这在这里可能没有太大区别，但是如果您正在运行一个更大的程序，则导入整个 java.util 将大大减慢您的程序。

希望这可以帮助！

Answer 7

您的主要方法需要像这样声明：

public static void main(String[] args) {..}

此外，您似乎只为您的所有算术方法（加法、减法等）提供了一个参数，尽管它们需要两个。

public int addition(int x, int y);

不能用 调用addition(operands)，即只有一个参数，并且参数类型错误（该方法需要两个int，你给它一个Scanner）。所有这些方法也是如此。
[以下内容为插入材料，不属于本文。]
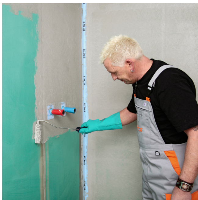
4. Schutzschicht mit PCI Lastogum Dicht unverdünnt satt und oberflächendicht auf den Untergrund auftragen. Nach der Trocknung Vorgang wiederholen und 2. Lage aufbringen.
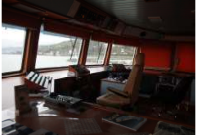
Akgün ailesinin avcı teknelerinden birinin kaptan köşkü
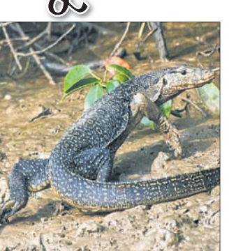
ଖିଟର ନିବିନ ଲିଜାର୍

ଭୁବନେଶ୍ଵର: ଆଜି ଖୁଲିତ ଲିଜାର୍ ଡେ'। ପ୍ରତିବର୍ଷ ଅଗଷ୍ଟ ୧୪ରେ ଏହି ଦିବସ ପାଳନ କରାଯାଏ। ବିଶେଷ ପ୍ରାୟ ହଜାର ଲିଜାର୍ ପ୍ରକାରି ସରାସୁପ ଦେଖାଯାନ୍ତି। କିନ୍ତୁ ବିଭିନ୍ନ କାରଣରୁ ଏମାନଙ୍କ ମଧ୍ୟରୁ ଅଧିକାଂଶ ସଙ୍କଟରେ ଅଛନ୍ତି। ଗୋଧୂକୁ ଆରମ୍ଭ କରି ଏକ୍ସପ୍ରେସି, ଝିଟିଟି ପର୍ଯ୍ୟନ୍ତ ସବୁ ଲିଜାର୍ ପ୍ରକାରିରେ ଅଛନ୍ତି। ତେବେ ଏଥିରେ ବହୁ ପ୍ରାଣୀ ଭାରତୀୟ ବନାମ୍ପ୍ରାଣୀ (ସଂରକ୍ଷଣ) ଆଇନ, ୧୯୭୨ ଅଧିକ୍ଷକ। କିନ୍ତୁ ଚୋରା କାରବାର ଯୋଗୁ ଏମାନଙ୍କ ଶିକାର ବଢ଼ିବାର ଲାଗିଛି। ଓଡ଼ିଶାରେ ବିଶେଷ କରି ଗୋଧୂର ଚୋରା କାରବାର ହେଉଥିବା ଦେଖାଯାଇଛି। ଓଡ଼ିଶାରୁ ପଶ୍ଚିମବଙ୍ଗ, ବାଂଲାଦେଶ ଗୋଧୂ ବେପାର ହେଉଥିବା ଜଣାପଡ଼ିଛି। ଗୋଧୂ ମାଂସ ଖାଇବା ପାଇଁ ଏବଂ ଡା' ଚମଡ଼ାକୁ ବିଭିନ୍ନ ଯୋଗ୍ୟାନ୍ ବିଶେଷ ସହ ବ୍ୟବହାର ପିଆରି କରିବା ପାଇଁ ଏହାର ଶିକାର ହୋଇଥାଏ। ଏହା ମୁଖ୍ୟତଃ ଖଞ୍ଜିର ବ୍ୟବହାର କରାଯାଇଥାଏ। ଓଡ଼ିଶାରେ ୩ ପ୍ରକାରର ଗୋଧୂ ଦେଖାଯାଆନ୍ତି। ଭିତରକନିକା ହେଉଛି ବନରେ ଖୁବ୍ ସମାପନ କରିଥାଏ ଏବଂ ରାଜ୍ୟର ଅନ୍ୟ ସ୍ଥାନରେ ଦେଖାଯାନ୍ତି ନିବିନ ଓ ଯେଲୋ ନିବିନ ଲିଜାର୍ ଦେଖାଯାନ୍ତି। ଏହି ୩ ପ୍ରକାର ଗୋଧୂ

您需要int从Scanner. 你可以用Scanner.nextInt().

Answer 8

import java.lang.*;

import java.util.*;


public class Calculator
{
    private int solution;
    private int x;
    private int y;
 private char operators;

    public Calculator()
    {
        solution = 0;
        Scanner operators = new Scanner(System.in);
        Scanner operands = new Scanner(System.in);
    }

    public int addition(int x, int y)
    {
       return x + y;
    }
    public int subtraction(int x, int y)
    {
       return x - y;
    }
    public int multiplication(int x, int y)
    {    
       return x * y;
    }
    public int division(int x, int y)
    {
       solution = x / y;
       return solution;
    }
    public void main (String[] args)
    {
      System.out.println("What operation? ('+', '-', '*', '/')"); 

      System.out.println("Insert 2 numbers to be subtracted");
       System.out.println("operand 1: ");
       x = operands;
       System.out.println("operand 2: ");
       y = operands.next();
      switch(operators)
      {
          case('+'):
            addition(operands);
            operands.next();
            break;
          case('-'):
            subtraction(operands);
            operands.next();
            break;
          case('*'):
            multiplication(operands);
            operands.next();
            break;
          case('/'):
            division(operands);
            operands.next();
            break;
       }
  }
}

Answer 9

您要求用户输入整数，但您将语句operands.next();作为输入。尝试与您的变量和用户输入保持一致，因此将其更改为operands.nextInt()会有所帮助。

Answer 10

只是作为一个提示，开始投掷通常不是一个好主意

导入 java.util.*；

进入你的程序，因为它使程序不必要地大而慢。你需要做的就是

导入 java.util.Scanner；

如果我是正确的，java.lang 中的大部分内容（如果不是所有内容）都已经为您导入了。